In November 2006, ministers representing the world’s major fusion research communities signed the agreement formally establishing the international project ITER. Sited at Cadarache in France, the project involves China, the European Union (including Switzerland), India, Japan, the Russian Federation, South Korea and the United States. ITER is a critical step in the development of fusion energy: its role is to confirm the feasibility of exploiting magnetic confinement fusion for the production of energy for peaceful purposes by providing an integrated demonstration of the physics and technology required for a fusion power plant. The ITER tokamak is designed to study the “burning plasma” regime in deuterium-tritium (D-T) plasmas by achieving a fusion amplification factor, Q (the ratio of fusion output power to plasma heating input power), of 10 for several hundreds of seconds with a nominal fusion power output of 500MW. It is also intended to allow the study of steady-state plasma operation at Q≥5 by means of non-inductive current drive, preparing the way for fusion power plants to operate continuously.
ITER relies on the “tokamak” magnetic confinement concept. In the first of 2 lectures, the essential elements of fusion power production in terrestrial plasmas will be summarized, key physics concepts of the magnetic confinement approach to the production of fusion plasmas introduced and the principal magnetic confinement configurations illustrated. The major characteristics of the tokamak will be discussed and the basis for the estimation of fusion power production in magnetically confined plasmas outlined. A brief comparison with the main physics and technology concepts relating to inertial confinement fusion will also be presented. The lecture will conclude with an introduction to the major elements of the ITER design.

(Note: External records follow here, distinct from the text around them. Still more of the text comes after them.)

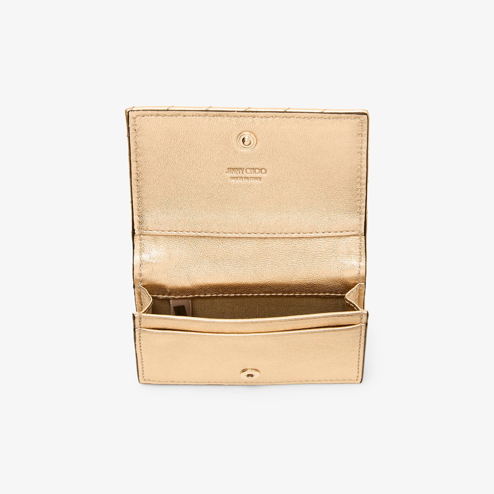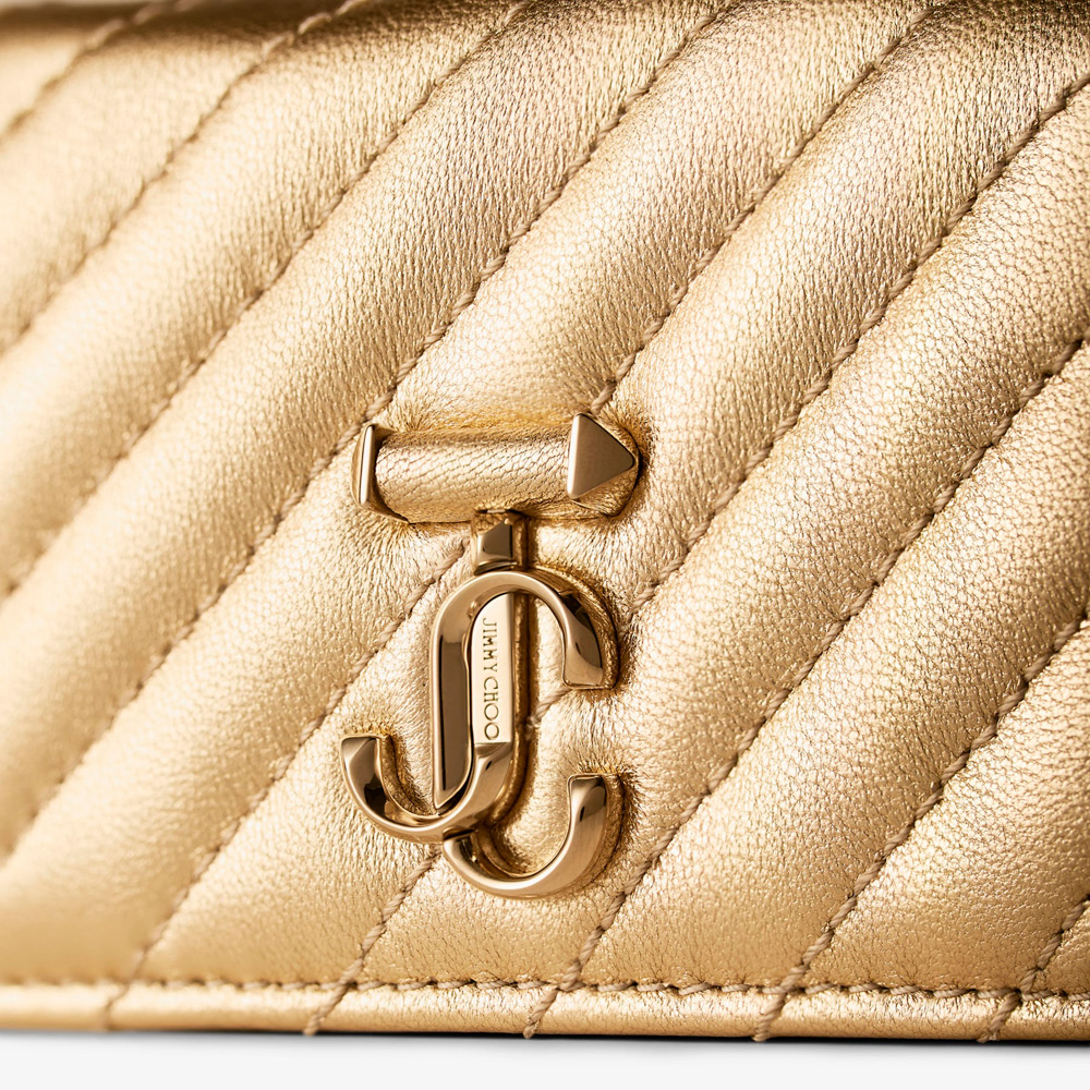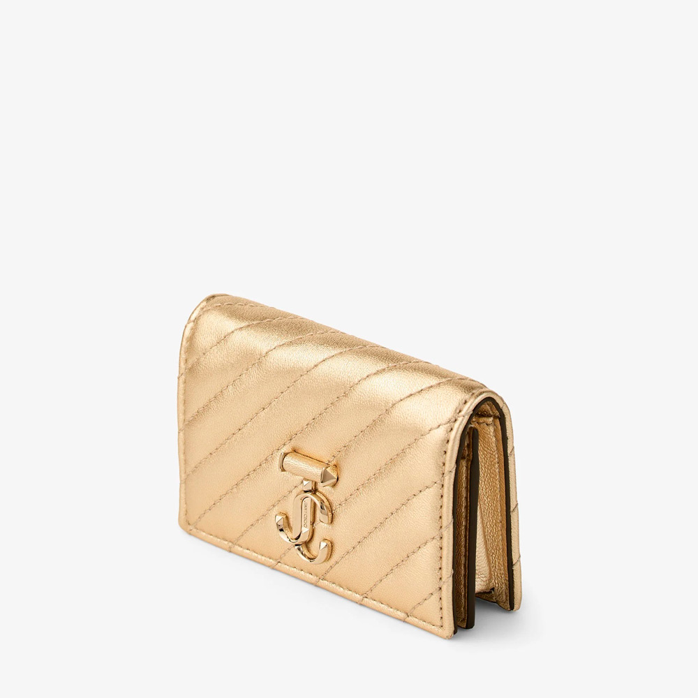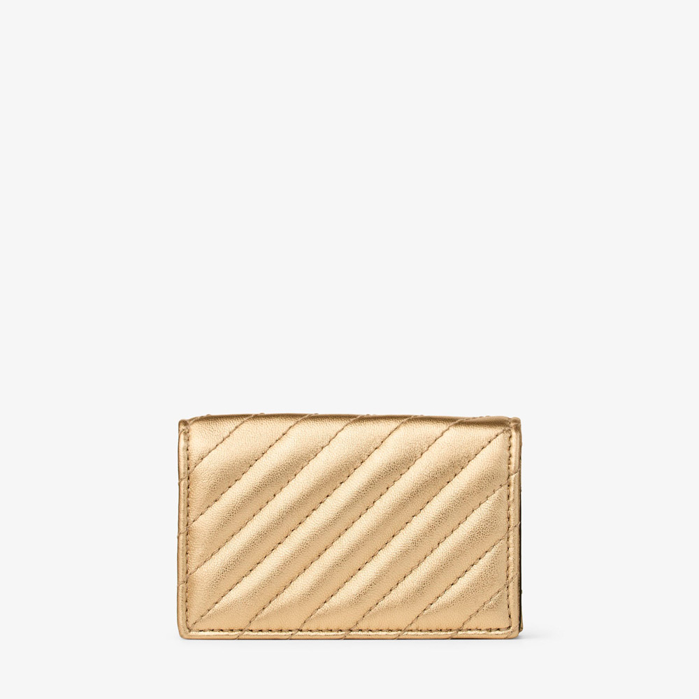 タイムレスかつコンテンポラリーなカーブ カードホルダーは、メタリックナッパレザーを使用。ストライプキルティングと複数のカードスロットを備え、JCモノグラムがアイコニックな輝きを添えています。
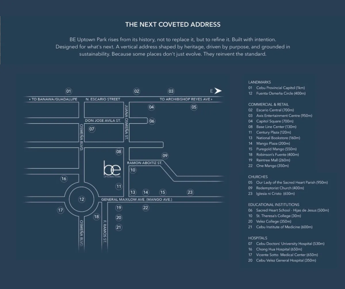 BE Uptown Park is centrally located in one of Cebu City’s most dynamic districts, giving residents direct access to business centers, lifestyle destinations, healthcare facilities, and top universities.
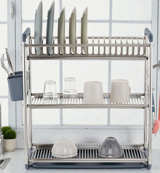 3-Tier Stainless Steel Dish Drying Rack with Utensil Holder

The second lecture will explore some of the key physics phenomena which govern the behaviour of magnetic fusion plasmas and which have been the subject of intense research during the past 50 years: plasma confinement, magnetohydrodynamic stability and plasma-wall interactions encompass the major areas of plasma physics which must be understood to assemble an overall description of fusion plasma behaviour. In addition, as fusion plasmas approach the “burning plasma” regime, where internal heating due to fusion products dominates other forms of heating, the physics of the interaction between the α-particles produced by D-T fusion reactions and the thermal “background” plasma becomes significant. This lecture will also introduce the basic physics of fusion plasma production, plasma heating and current drive, and plasma measurements (“diagnostics”).